▸ **What is needed**
Which lines run from the one containing "IT之家 10 月 14" through the end of the data? Write them out exactly, with the pictures left out.

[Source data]
= Beginning of Section =
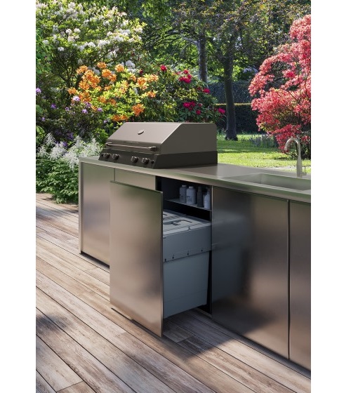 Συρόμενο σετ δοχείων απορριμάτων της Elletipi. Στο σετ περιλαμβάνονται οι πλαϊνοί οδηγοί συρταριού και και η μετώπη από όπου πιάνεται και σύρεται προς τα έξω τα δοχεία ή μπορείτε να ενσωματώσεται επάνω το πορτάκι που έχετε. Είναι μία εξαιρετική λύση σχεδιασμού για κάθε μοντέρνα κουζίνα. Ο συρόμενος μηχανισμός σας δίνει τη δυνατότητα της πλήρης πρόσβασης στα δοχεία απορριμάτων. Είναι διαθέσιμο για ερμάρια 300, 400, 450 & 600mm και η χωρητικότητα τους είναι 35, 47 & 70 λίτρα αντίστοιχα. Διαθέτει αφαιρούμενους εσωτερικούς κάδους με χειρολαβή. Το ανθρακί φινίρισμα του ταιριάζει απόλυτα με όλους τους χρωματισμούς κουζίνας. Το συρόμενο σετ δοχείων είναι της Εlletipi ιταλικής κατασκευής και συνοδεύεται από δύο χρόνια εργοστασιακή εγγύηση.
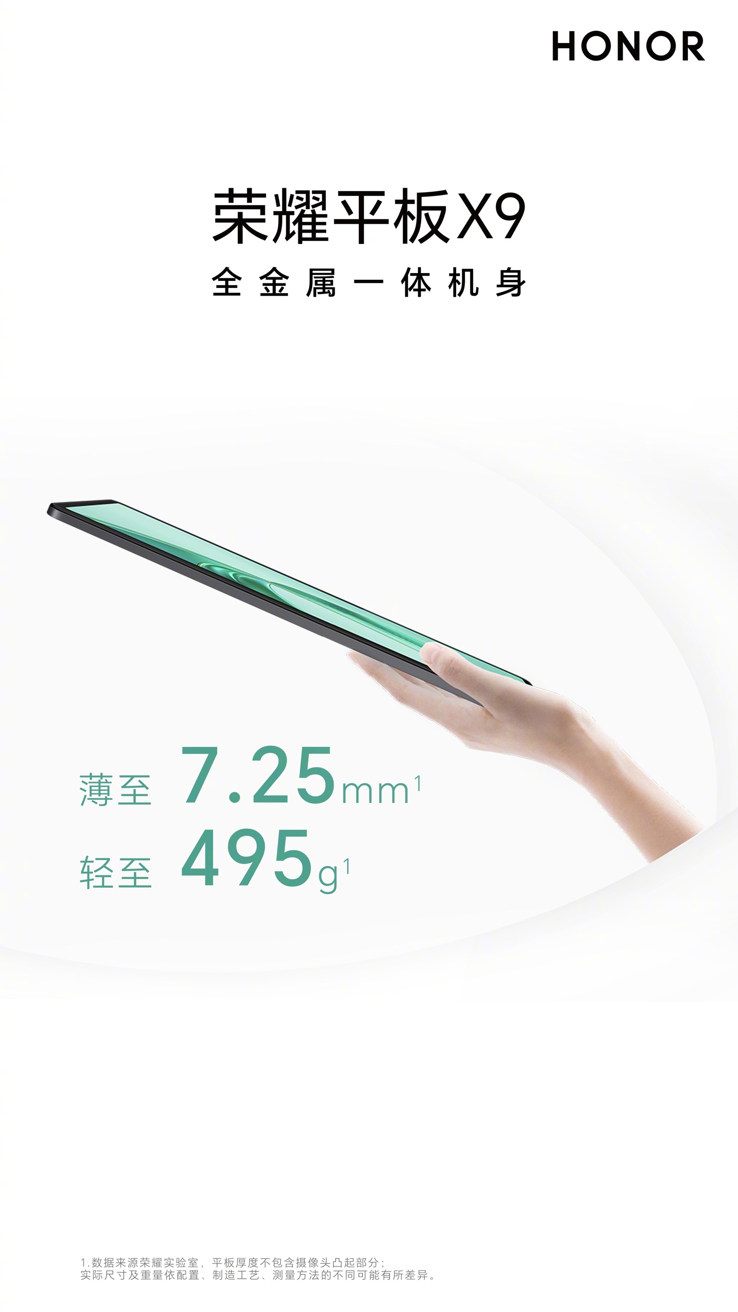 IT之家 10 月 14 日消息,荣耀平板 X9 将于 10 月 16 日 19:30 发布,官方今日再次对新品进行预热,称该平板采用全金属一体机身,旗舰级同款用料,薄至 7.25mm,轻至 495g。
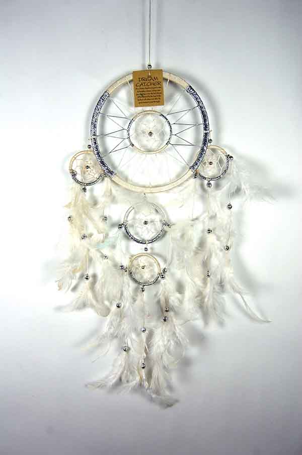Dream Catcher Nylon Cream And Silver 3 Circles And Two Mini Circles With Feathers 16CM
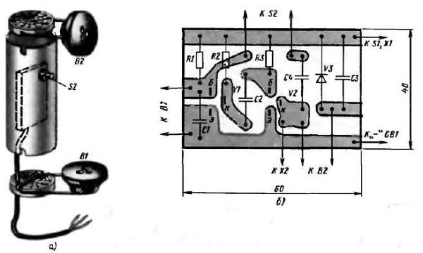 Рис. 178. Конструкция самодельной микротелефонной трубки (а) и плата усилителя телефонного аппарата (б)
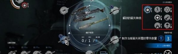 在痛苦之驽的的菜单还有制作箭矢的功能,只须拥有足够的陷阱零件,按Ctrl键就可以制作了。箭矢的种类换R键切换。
= End of Section =
▸ **Exercise output**
 IT之家 10 月 14 日消息,荣耀平板 X9 将于 10 月 16 日 19:30 发布,官方今日再次对新品进行预热,称该平板采用全金属一体机身,旗舰级同款用料,薄至 7.25mm,轻至 495g。
Dream Catcher Nylon Cream And Silver 3 Circles And Two Mini Circles With Feathers 16CM
 Рис. 178. Конструкция самодельной микротелефонной трубки (а) и плата усилителя телефонного аппарата (б)
 在痛苦之驽的的菜单还有制作箭矢的功能,只须拥有足够的陷阱零件,按Ctrl键就可以制作了。箭矢的种类换R键切换。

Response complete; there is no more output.